WHAT IS EXPECTED:
Please return each entry that follows exactly as written, and keep the pictures out.

(Saved entries)
"""

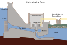 Most hydroelectric power comes from the potential energy of dammed water driving a water turbine and generator; to boost the power generation capabilities of a dam, the water may be run through a large pipe called a penstock before the turbine. A variant on this simple model uses pumped storage hydroelectricity to produce electricity to match periods of high and low demand, by moving water between reservoirs at different elevations. At times of low electrical demand, excess generation capacity is used to pump water into the higher reservoir. When there is higher demand, water is released back into the lower reservoir through a turbine. (For example see Dinorwic Power Station.)
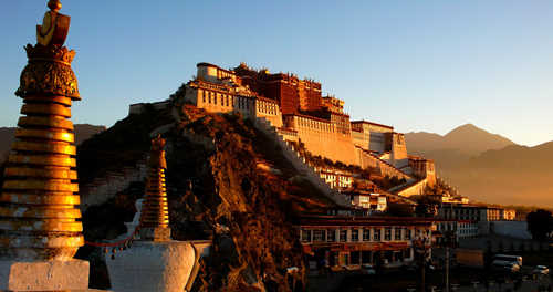 舉世聞名的布達拉宮,聳立在西藏拉薩市紅山之上,海拔3700多米,占地總面積36萬余平方米,建筑總面積13萬余平方米,主樓高117米,共13層,其中宮殿、靈塔殿、佛殿、經堂、僧舍、庭院等一應俱全,是當今世上海拔最高、規模最大的宮堡式建筑群。“布達拉”系舟島,是梵文音譯,又譯作“普陀羅”或“普陀”,原指觀世音菩薩所居之島。拉薩布達拉宮俗稱第二普陀羅山。
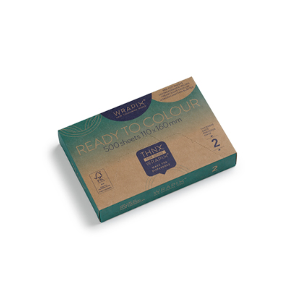 De papieren zijn lichtgewicht, voorgesneden die verkrijgbaar zijn in 3 verschillende diktes (2, 3 en 5). Hoe hoger het cijfer, hoe dikker en stijver het papier. Welke dikte je van het Wrapix papier gebruikt, hangt simpelweg af van je persoonlijke voorkeur. Per dikte kun je ook nog kiezen voor verschillende afmetingen. De lengtes kies je op basis van de haarlengte van de klant. De vellen zijn voorgesneden en de zijkanten hoeven niet omgevouwen te worden. Hierdoor kan er nog efficiënter gewerkt worden.
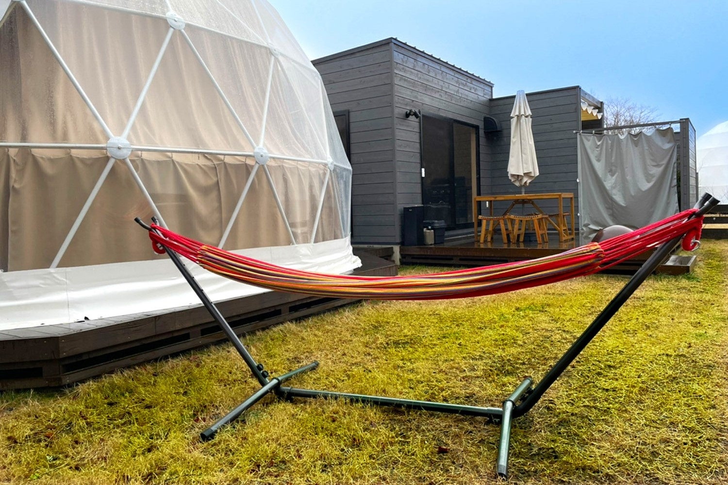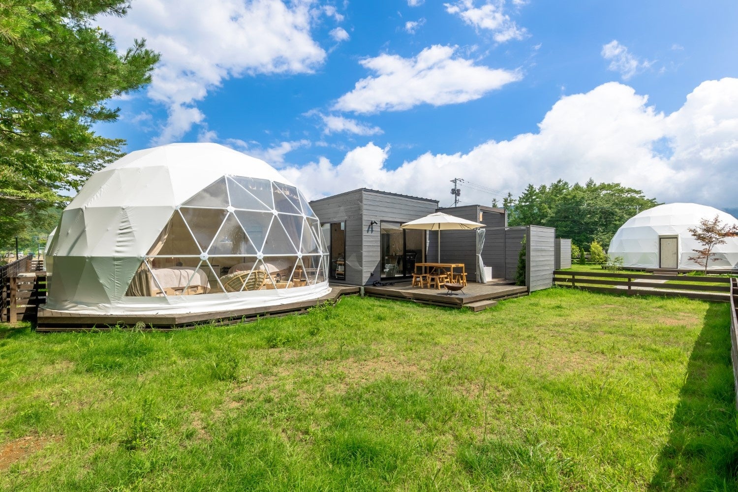 関東圏主要部より約80分の山梨県山中湖エリアに、山梨の“食”を体験するアクティビティを備えた客室温泉付グランピング施設として2023年7月にオープンしました。
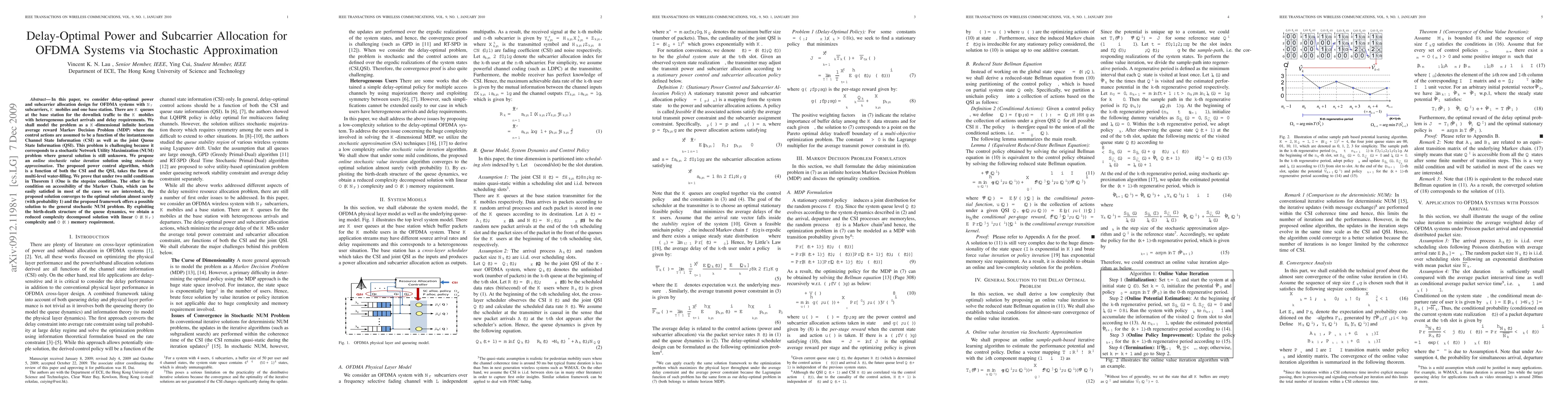 This paper proposes an online stochastic value iteration method using stochastic approximation for delay-optimal power and subcarrier allocation in OFDMA systems. The solution converges to the optimal solution almost surely under mild conditions, offering a reduced complexity decomposed solution with linear complexity and memory requirements.
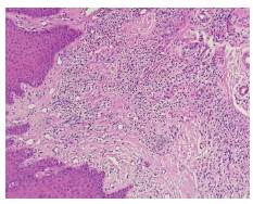La muestra extirpada se almacenó en formol tamponado al 10 % para su análisis histopatológico (figura 4A). Esta arrojó el siguiente resultado: los cortes mostraron mucosa oral con hiperplasia marcada del epitelio. A nivel de la lámina propia se observó infiltrado inflamatorio de predominio linfoplasmocitario de distribución heterogénea, proliferación fibrocolágena y de vasos de pequeño calibre (figura 4B) El diagnóstico definitivo es granuloma telangiectásico.
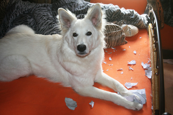 - De onderzetters van tafel waren ook leuk om op te kauwen als ze het voor elkaar kreeg ze stiekem te pikken
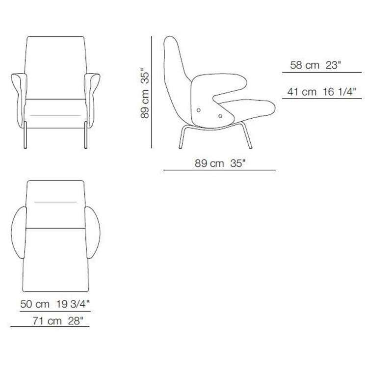 The development of this concept gave a very decorative result and produced items, like Delfino, With a strong personality. Heartily with arm like fins and a supple body like a dolphin, this Armchair, Designed in 1954 by Erberto Carboni took its name from the gracefulmsea-keepers
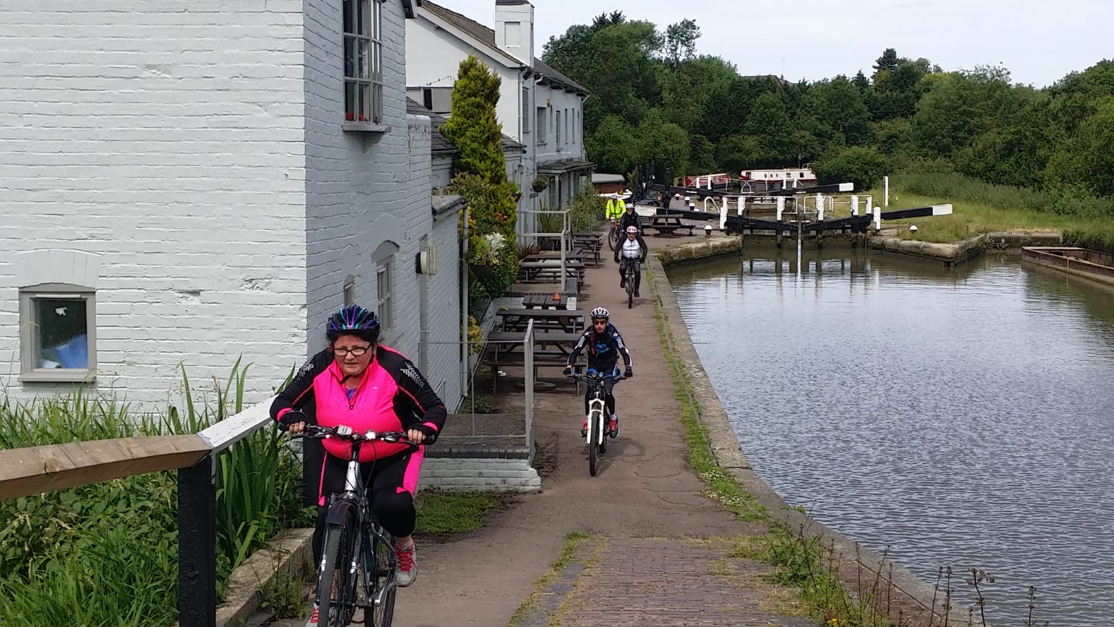 | Exiting Birmingham via the ‘Digbeth’ Branch the riders soon join the main line of The Grand Union Canal which would take them all the way to London & it was after leaving Birmingham city centre that the riders eventually met up with their ‘Support Team’ at ‘The Boat Inn in Catherine De Barnes for the lunch ‘pit stop’ |
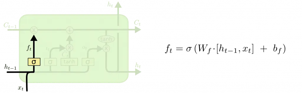 上文所说的三个门指的是忘记门,输入门和输出门。另外还有一个关键点是细胞状态(cell state),贯穿始终,并且连接三个门结构。其中忘记门如下图所示:
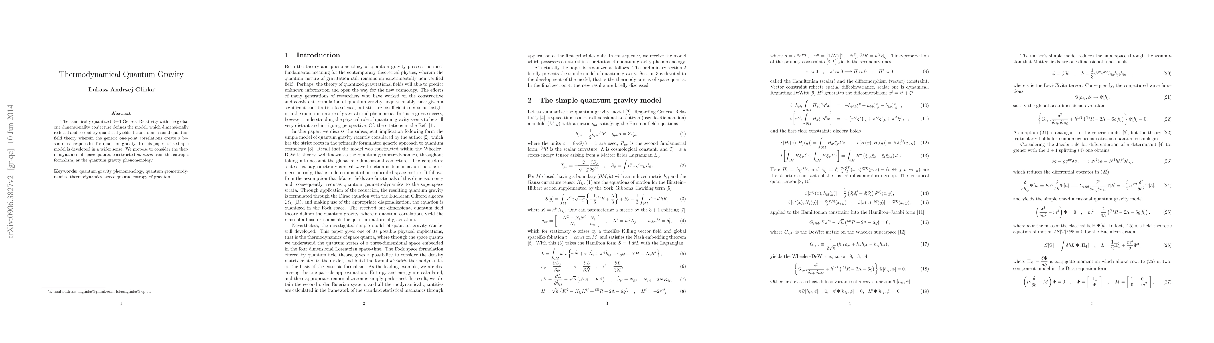 The canonically quantized 3+1 General Relativity with the global one dimensionality conjecture defines the model, which dimensionally reduced and secondary quantized yields the one-dimensional quantum field theory wherein the generic one-point correlations create a boson mass responsible for quantum gravity. In this paper, this simple model is developed in a wider sense. We propose to consider the thermodynamics of space quanta, constructed ab initio from the entropic formalism, as the quantum gravity phenomenology.
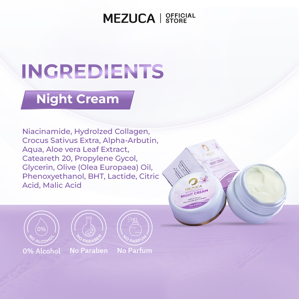 Night Cream Mezuca Krim Malam Mencerahkan Memutihkan atasi Jerawat Bekas Jerawat Flek Hitam di Wajah
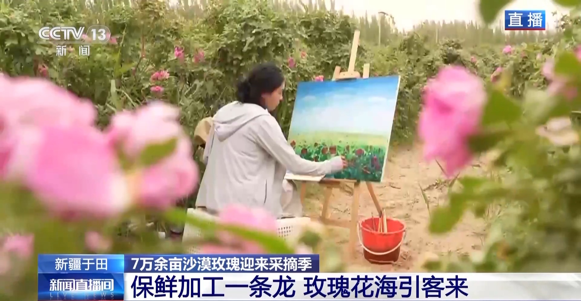 于田县玫瑰花生产加工企业负责人 高经粱:每年玫瑰花采摘高峰期,公司能带动周边7000余人次村民实现季节性就业,他们的工资一般是在120元到150元每天,他们的积极性都非常高。
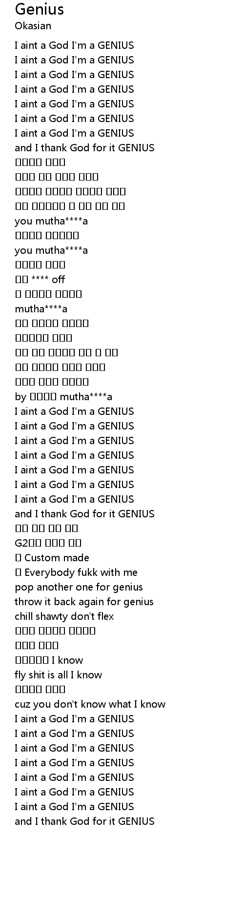 | [00:16.43] | I aint a God I' m a GENIUS |
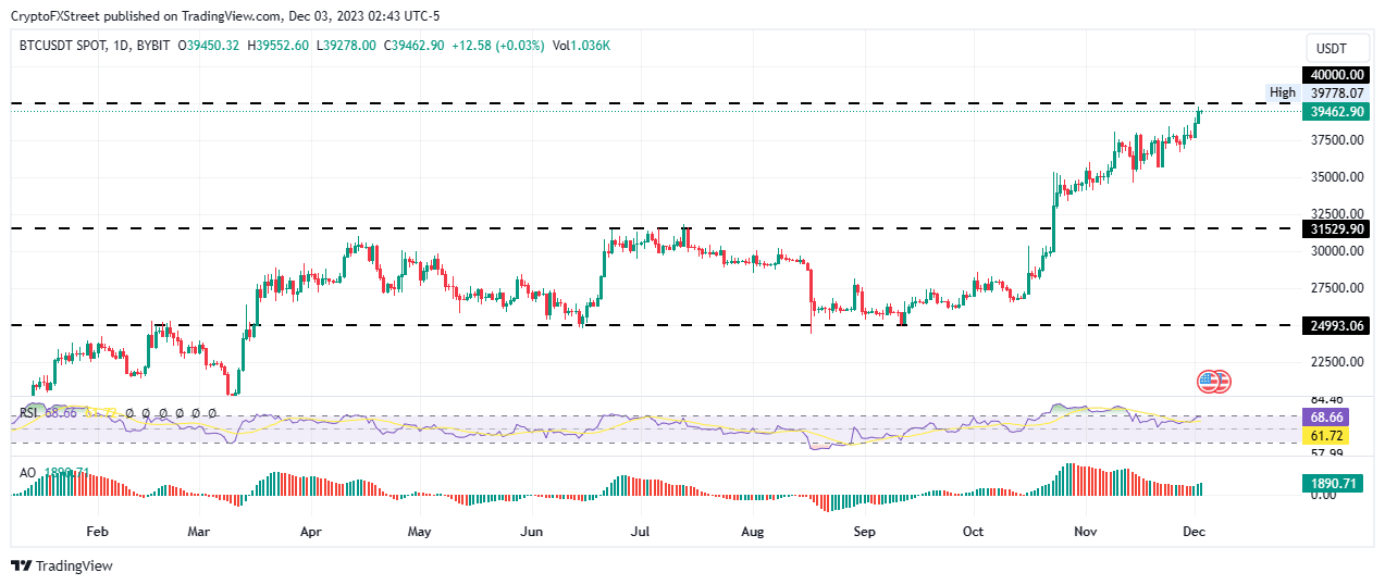 Darüber hinaus liegt der Awesome Oscillator (AO) im positiven Bereich, mit grünen Histogrammbalken, was darauf hindeutet, dass die Bullen den Markt anführen. Erhöhter Kaufdruck könnte daher dazu führen, dass der Bitcoin-Preis vom aktuellen Preis von 39.462 USD (Stand 8:00 Uhr GMT) aus ansteigt, den Bereich von 39.778 USD überschreitet und dann die psychologische Marke von 40.000 USD durchbricht.
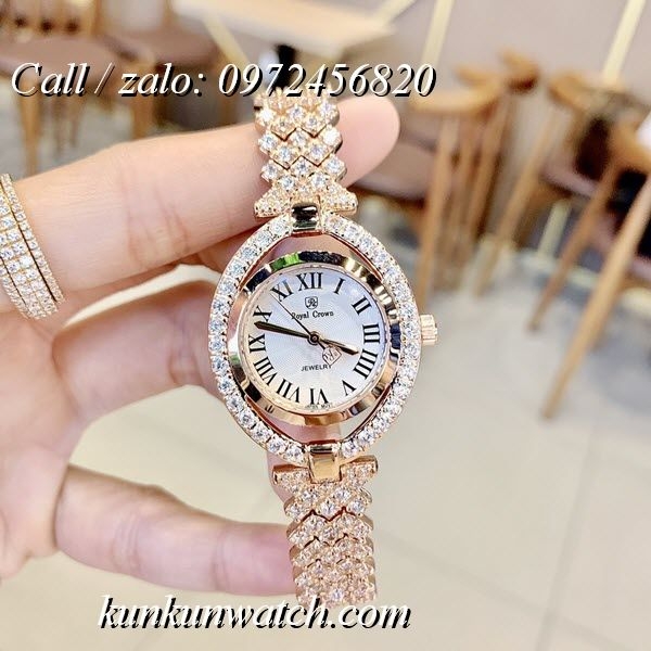 Đồng Hồ Nữ Royal Crown 4610 có mặt số tương đương 32mm - sử dụng số la mã chỉ giờ cổ điển - vỏ và dây full hạt nổi bật, sang trọng.
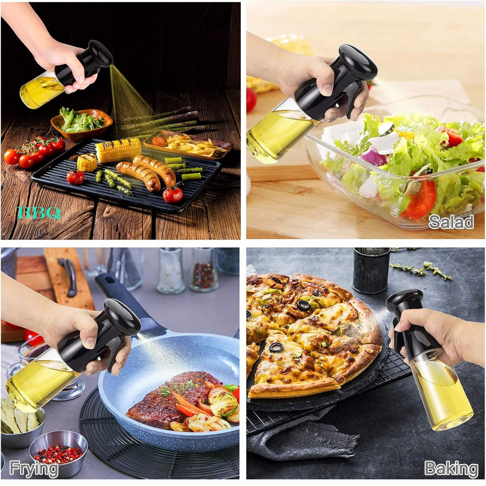 عبوة من زجاجتين بخاخ زيت للزيت والخل سعة 210 مل شفاف وقابل لإعادة التعبئة للطهي والشواء والمعكرونة والسلطة
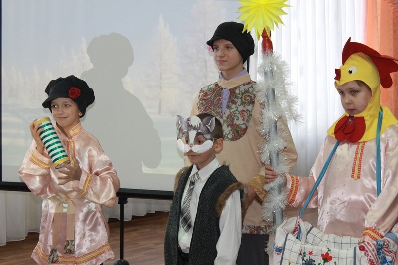Яркое впечатление на присутствующих произвело появление ряженых с колядками и подарками. После чего началось настоящее волшебство творчества: гости, родители и дети отправились на мастер - классы.
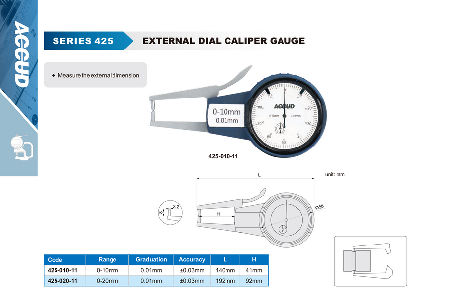 ACCUD EXTERNAL DIAL CALIPER GAUGE 425-010-11 / 425-020-11
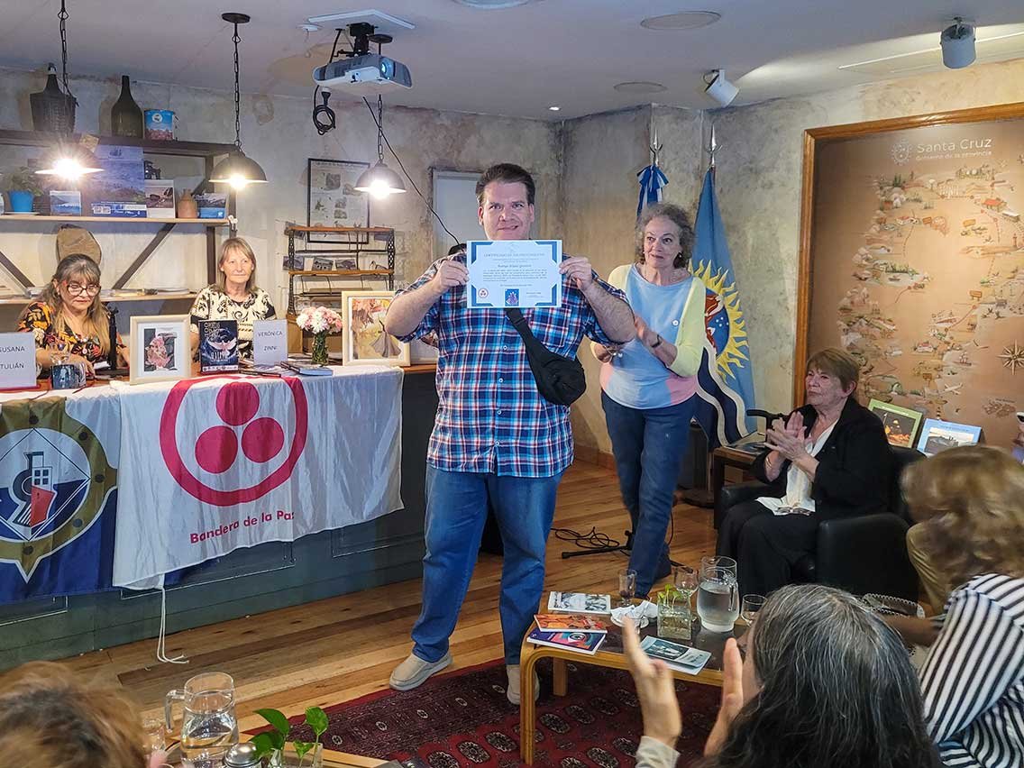 El encuentro se enriqueció con proyecciones audiovisuales, lectura de poemas y la interpretación en vivo de música folclórica patagónica, generando un ambiente íntimo y profundamente arraigado en la identidad cultural de Santa Cruz.

"""

ANSWER SPACE:
 Most hydroelectric power comes from the potential energy of dammed water driving a water turbine and generator; to boost the power generation capabilities of a dam, the water may be run through a large pipe called a penstock before the turbine. A variant on this simple model uses pumped storage hydroelectricity to produce electricity to match periods of high and low demand, by moving water between reservoirs at different elevations. At times of low electrical demand, excess generation capacity is used to pump water into the higher reservoir. When there is higher demand, water is released back into the lower reservoir through a turbine. (For example see Dinorwic Power Station.)
 舉世聞名的布達拉宮,聳立在西藏拉薩市紅山之上,海拔3700多米,占地總面積36萬余平方米,建筑總面積13萬余平方米,主樓高117米,共13層,其中宮殿、靈塔殿、佛殿、經堂、僧舍、庭院等一應俱全,是當今世上海拔最高、規模最大的宮堡式建筑群。“布達拉”系舟島,是梵文音譯,又譯作“普陀羅”或“普陀”,原指觀世音菩薩所居之島。拉薩布達拉宮俗稱第二普陀羅山。
 De papieren zijn lichtgewicht, voorgesneden die verkrijgbaar zijn in 3 verschillende diktes (2, 3 en 5). Hoe hoger het cijfer, hoe dikker en stijver het papier. Welke dikte je van het Wrapix papier gebruikt, hangt simpelweg af van je persoonlijke voorkeur. Per dikte kun je ook nog kiezen voor verschillende afmetingen. De lengtes kies je op basis van de haarlengte van de klant. De vellen zijn voorgesneden en de zijkanten hoeven niet omgevouwen te worden. Hierdoor kan er nog efficiënter gewerkt worden.
 関東圏主要部より約80分の山梨県山中湖エリアに、山梨の“食”を体験するアクティビティを備えた客室温泉付グランピング施設として2023年7月にオープンしました。
 This paper proposes an online stochastic value iteration method using stochastic approximation for delay-optimal power and subcarrier allocation in OFDMA systems. The solution converges to the optimal solution almost surely under mild conditions, offering a reduced complexity decomposed solution with linear complexity and memory requirements.
La muestra extirpada se almacenó en formol tamponado al 10 % para su análisis histopatológico (figura 4A). Esta arrojó el siguiente resultado: los cortes mostraron mucosa oral con hiperplasia marcada del epitelio. A nivel de la lámina propia se observó infiltrado inflamatorio de predominio linfoplasmocitario de distribución heterogénea, proliferación fibrocolágena y de vasos de pequeño calibre (figura 4B) El diagnóstico definitivo es granuloma telangiectásico.
 - De onderzetters van tafel waren ook leuk om op te kauwen als ze het voor elkaar kreeg ze stiekem te pikken
 The development of this concept gave a very decorative result and produced items, like Delfino, With a strong personality. Heartily with arm like fins and a supple body like a dolphin, this Armchair, Designed in 1954 by Erberto Carboni took its name from the gracefulmsea-keepers
 | Exiting Birmingham via the ‘Digbeth’ Branch the riders soon join the main line of The Grand Union Canal which would take them all the way to London & it was after leaving Birmingham city centre that the riders eventually met up with their ‘Support Team’ at ‘The Boat Inn in Catherine De Barnes for the lunch ‘pit stop’ |
 上文所说的三个门指的是忘记门,输入门和输出门。另外还有一个关键点是细胞状态(cell state),贯穿始终,并且连接三个门结构。其中忘记门如下图所示:
 The canonically quantized 3+1 General Relativity with the global one dimensionality conjecture defines the model, which dimensionally reduced and secondary quantized yields the one-dimensional quantum field theory wherein the generic one-point correlations create a boson mass responsible for quantum gravity. In this paper, this simple model is developed in a wider sense. We propose to consider the thermodynamics of space quanta, constructed ab initio from the entropic formalism, as the quantum gravity phenomenology.
 Night Cream Mezuca Krim Malam Mencerahkan Memutihkan atasi Jerawat Bekas Jerawat Flek Hitam di Wajah
 于田县玫瑰花生产加工企业负责人 高经粱:每年玫瑰花采摘高峰期,公司能带动周边7000余人次村民实现季节性就业,他们的工资一般是在120元到150元每天,他们的积极性都非常高。
 | [00:16.43] | I aint a God I' m a GENIUS |
 Darüber hinaus liegt der Awesome Oscillator (AO) im positiven Bereich, mit grünen Histogrammbalken, was darauf hindeutet, dass die Bullen den Markt anführen. Erhöhter Kaufdruck könnte daher dazu führen, dass der Bitcoin-Preis vom aktuellen Preis von 39.462 USD (Stand 8:00 Uhr GMT) aus ansteigt, den Bereich von 39.778 USD überschreitet und dann die psychologische Marke von 40.000 USD durchbricht.
 Đồng Hồ Nữ Royal Crown 4610 có mặt số tương đương 32mm - sử dụng số la mã chỉ giờ cổ điển - vỏ và dây full hạt nổi bật, sang trọng.
 عبوة من زجاجتين بخاخ زيت للزيت والخل سعة 210 مل شفاف وقابل لإعادة التعبئة للطهي والشواء والمعكرونة والسلطة
Яркое впечатление на присутствующих произвело появление ряженых с колядками и подарками. После чего началось настоящее волшебство творчества: гости, родители и дети отправились на мастер - классы.
 ACCUD EXTERNAL DIAL CALIPER GAUGE 425-010-11 / 425-020-11
 El encuentro se enriqueció con proyecciones audiovisuales, lectura de poemas y la interpretación en vivo de música folclórica patagónica, generando un ambiente íntimo y profundamente arraigado en la identidad cultural de Santa Cruz.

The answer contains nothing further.